Sarkozy et les millions libyens : petits éléments de contexte pour distinguer ce qui relève d’une forme d’acharnement judiciaire et ce qui pourrait vraiment inquiéter l’ancien président

Nicolas Sarkozy a été entendu dans les locaux de la police judiciaire à Nanterre ce 20 mars 2018, dans le cadre de l'enquête "libyenne" relative aux soupçons de financement illicite de la campagne électorale de la présidentielle 2007.

Edouard Husson

Edouard Husson

Universitaire, Edouard Husson a dirigé ESCP Europe Business School de 2012 à 2014 puis a été vice-président de l’Université Paris Sciences & Lettres (PSL).
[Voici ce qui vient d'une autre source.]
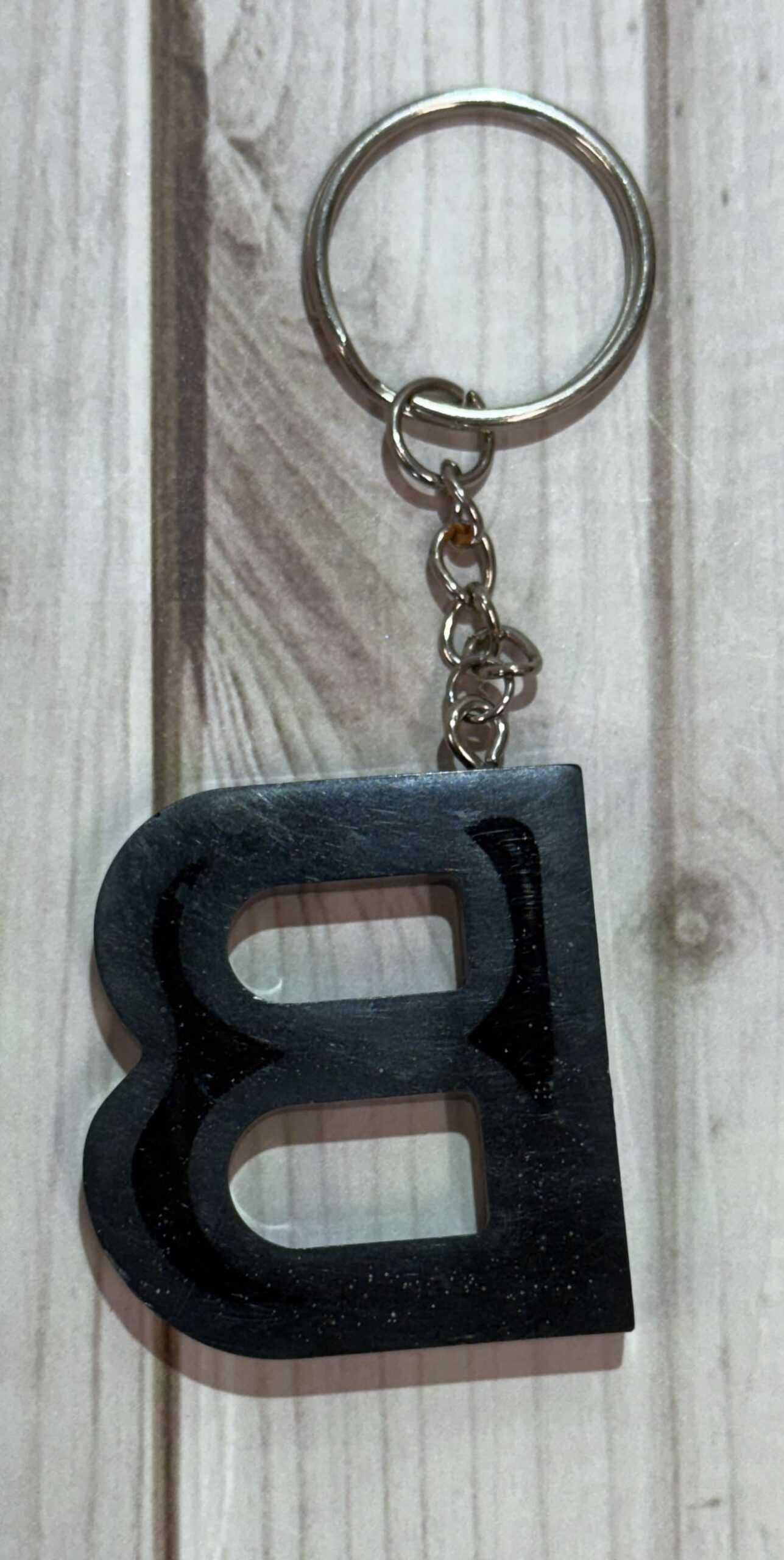 Elegancki brelok z literą B, wykonany z żywicy epoksydowej. Zawieszony na solidnym metalowym łańcuszku i kółeczku. Minimalistyczny, trwały i idealny do kluczy lub plecaka. Świetny jako drobny, personalizowany upominek.

Il est actuellement professeur à l’Institut Franco-Allemand d’Etudes Européennes (à l’Université de Cergy-Pontoise). Spécialiste de l’histoire de l’Allemagne et de l’Europe, il travaille en particulier sur la modernisation politique des sociétés depuis la Révolution française. Il est l’auteur d’ouvrages et de nombreux articles sur l’histoire de l’Allemagne depuis la Révolution française, l’histoire des mondialisations, l’histoire de la monnaie, l’histoire du nazisme et des autres violences de masse au XXème siècle  ou l’histoire des relations internationales et des conflits contemporains. Il écrit en ce moment une biographie de Benjamin Disraëli.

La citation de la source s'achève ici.